In March Sir William warned exam boards about grade rises. In a letter to AQA exam board chief executive Kathleen Tattersall, he said he expected last year's A-level results to provide "a very strong guide to this year's outcomes".
At a July meeting, according to a TES source, there was no instruction to exam board chief executives to downgrade, but Sir William "said there would be a public inquiry if we went out with those results".
The boards agreed among themselves not to shift grades where they were considered to be a true reflection of pupils' performance. But downgrading did occur. The TES has received testimony from OCR chief examiners who say the warning to deflate grades was passed to awarding committees.

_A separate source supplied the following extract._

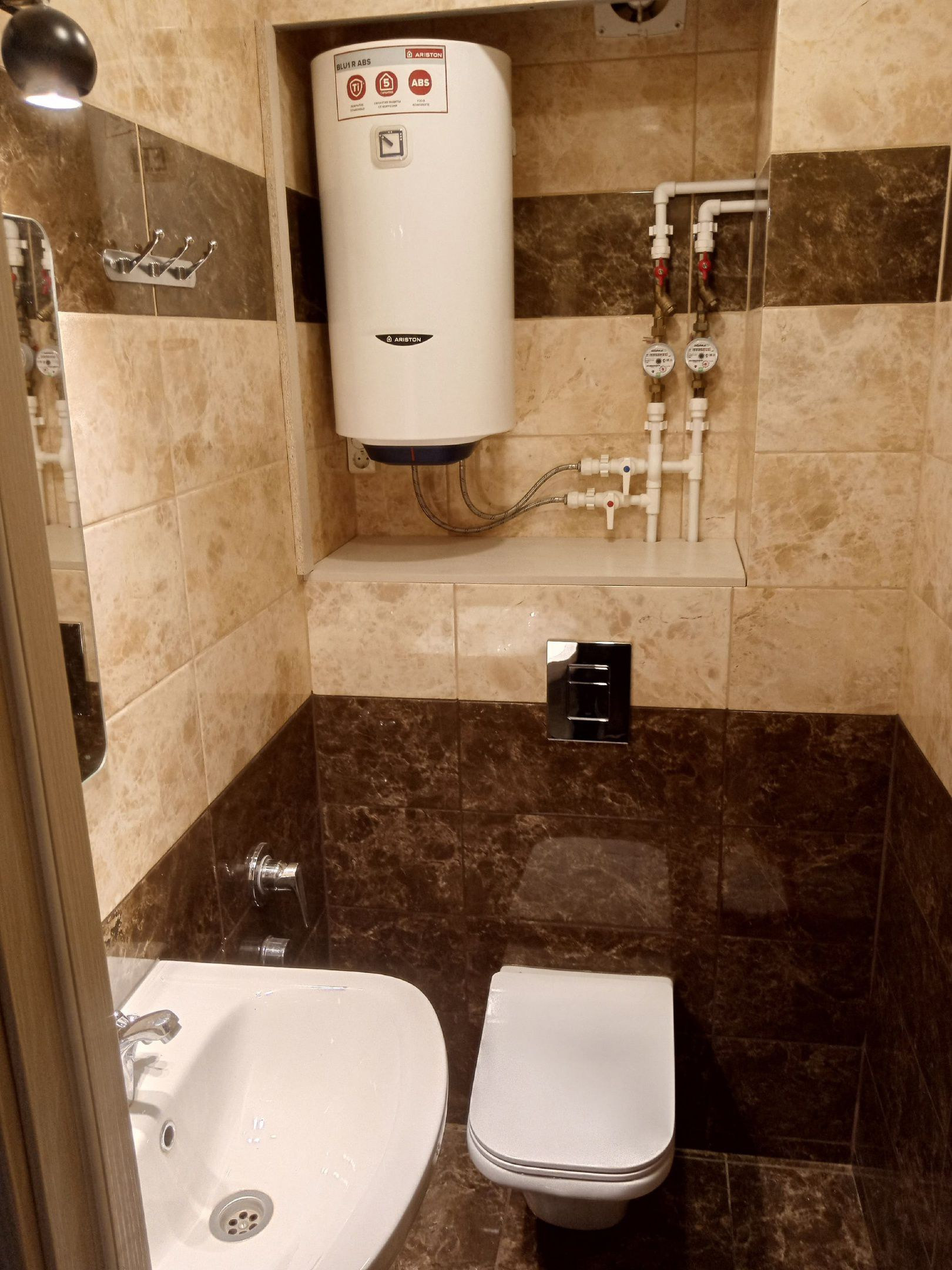 Качественная, дорогая сантехника, встроенный в стену смеситель в ванной с тропическим душем, встроенный гигиенический душ в туалете, выводы под водонагреватель. Немецкая инсталляция Grohe.
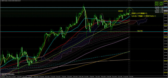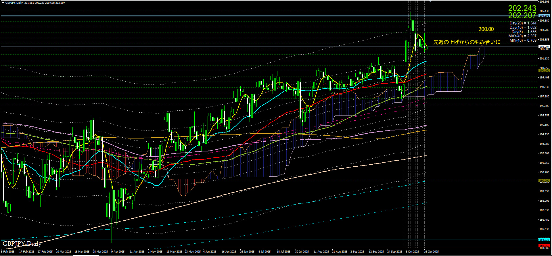 爆上げが高市総裁誕生での円安目線での上げだったが、その後政局が迷走しており、その影響で相場ももみ合い(ジリジリと下げ?)。

One said: "The chair of examiners and the subject officer said the QCA had 'instructed' the chief executives to get the statistics down.
"We were very careful with the A2 and if in doubt went for higher grade boundaries. When we combined A2 and AS we were told the results were 'not acceptable' and we would 'never get them past the chief executive'.
"It was obvious that they started mucking round with the coursework grade boundaries. It was a very crude job. In other subjects it was more subtle, not just concentrated on one module, because there was more time to do it."
Another chief examiner said that awarding committees were told that the A-level results had to accord with grades predicted by GCSE results.
"By the end of the first day it was clear that the grades we were setting would not give us the grades we were being asked to provide. So the A2- grades were adjusted and these recommendations were then further adjusted by the board. OCR has to justify its grades to the QCA so I don't see what else it could do," he said.
Mr Tomlinson's inquiry, ordered by Ms Morris, has collected evidence from the Headmasters' and Headmistress' Conference. It was the independent schools'
heads who led the call for regrading. According to the National Union of Teachers, they have caused untold damage by undermining confidence in the entire post-16 exam system.
It could be argued that the exam boards are not guilty of malpractice because grade-boundary shifts are allowed. The statutory rules actually demand that the boards maintain standards year on year.
Advocates of a baccalaureate-style system have seized on the A-level crisis to force home their case. Ministers have been presented with plans for an English baccalaureate by Dr Ken Spours of London University. It would be accessible to all pupils and have academic and vocational elements. It is based on the ideas presented in a paper 10 years ago by schools minister David Miliband.